The district court may permit indigent litigants to proceed IFP upon completion of a proper affidavit of indigency. See 28 U.S.C. § 1915(a). However, the “privilege of pleading in forma pauperis . . . in civil actions for damages should be allowed only in exceptional circumstances.” Wilborn v. Escalderon, 789 F.2d 1328 (9th Cir. 1986). The Court has broad discretion in denying an application to proceed IFP. Weller v. Dickson, 314 F.2d 598 (9th Cir. 1963), cert. denied 375 U.S. 845 (1963).

Notwithstanding IFP status, the Court must subject each civil action commenced pursuant to 28 U.S.C. § 1915(a) to mandatory screening and order the sua sponte dismissal of any case that is “frivolous or malicious,” “fails to state a claim on which relief may be granted,” or “seeks monetary relief against a defendant who is immune from such relief.” 28 U.S.C. § 1915(e)(2)(B); see also Calhoun v. Stahl, 254 F.3d 845, 845 (9th Cir. 2001) (“[T]he provisions of 28 U.S.C. § 1915(e)(2)(B) are not limited to prisoners.”); Lopez v. Smith, 203 F.3d 1122, 1126-27 (9th Cir. 2000) (en banc) (noting that 28 U.S.C. § 1915(e) “not only permits but requires” the court to sua sponte dismiss an IFP complaint that fails to state a claim).

Unless it is clear a pro se plaintiff cannot cure the deficiencies of a complaint, the Court will provide the pro se plaintiff with an opportunity to amend the complaint to state a plausible claim. See United States v. Corinthian Colleges, 655 F.3d 984, 995 (9th Cir. 2011) (“Dismissal without leave to amend is improper unless it is clear, upon de novo review, that the complaint could not be saved by any amendment.”).

Here, Plaintiff's proposed complaint is incoherent. See Dkt. 1-1. For example, Plaintiff has not stated any claims against any defendants, appears to be filing an identical lawsuit as one she is pursuing in Portland, Oregon, and nearly all the named defendants are improper. In sum, Plaintiff does not identify any claims she is alleging against Defendants and has not named proper defendants. Therefore, the Court finds the proposed complaint fails to state a claim upon which relief can be granted and is frivolous.

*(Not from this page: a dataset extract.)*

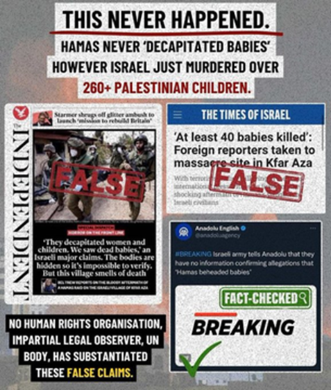 ♦ It has also been firmly refuted the lie of the “40 beheaded babies” by the Palestinian fighters, and even Israeli sources denied this lie. Many of the western media agencies unfortunately adopted this allegation and promoted it.

The Court further finds the proposed complaint fails to contain factual allegations against defendants that could plausibly give rise to a claim and, thus, the undersigned finds dismissal without leave to amend is appropriate in this case.

III. Conclusion

For the above stated reasons, the Court recommends Plaintiff's Application to Proceed IFP (Dkt. 1) be denied and this case be dismissed.

Pursuant to 28 U.S.C. § 636(b)(1) and Fed.R.Civ.P. 72(b), the parties shall have fourteen (14) days from service of this report to file written objections. See also Fed.R.Civ.P. 6. Failure to file objections will result in a waiver of those objections for purposes of de novo review by the district judge, see 28 U.S.C. § 636(b)(1)(C), and can result in a waiver of those objections for purposes of appeal. See Thomas v. Arn, 474 U.S. 140, 142 (1985); Miranda v. Anchondo, 684 F.3d 844, 848 (9th Cir. 2012) (citations omitted). Accommodating the time limit imposed by Fed.R.Civ.P. 72(b), the Clerk is directed to set the matter for consideration on March 10, 2023, as noted in the caption.


Summaries of

Garrett v. Archdiocese of Tacoma

United States District Court, Western District of Washington
Feb 21, 2023
3:23-CV-5088-DGE (W.D. Wash. Feb. 21, 2023)
Case details for

Garrett v. Archdiocese of Tacoma

Case Details

Full title:CAMEO LOREE GARRETT, Plaintiff, v. ARCHDIOCESE OF TACOMA, et al.…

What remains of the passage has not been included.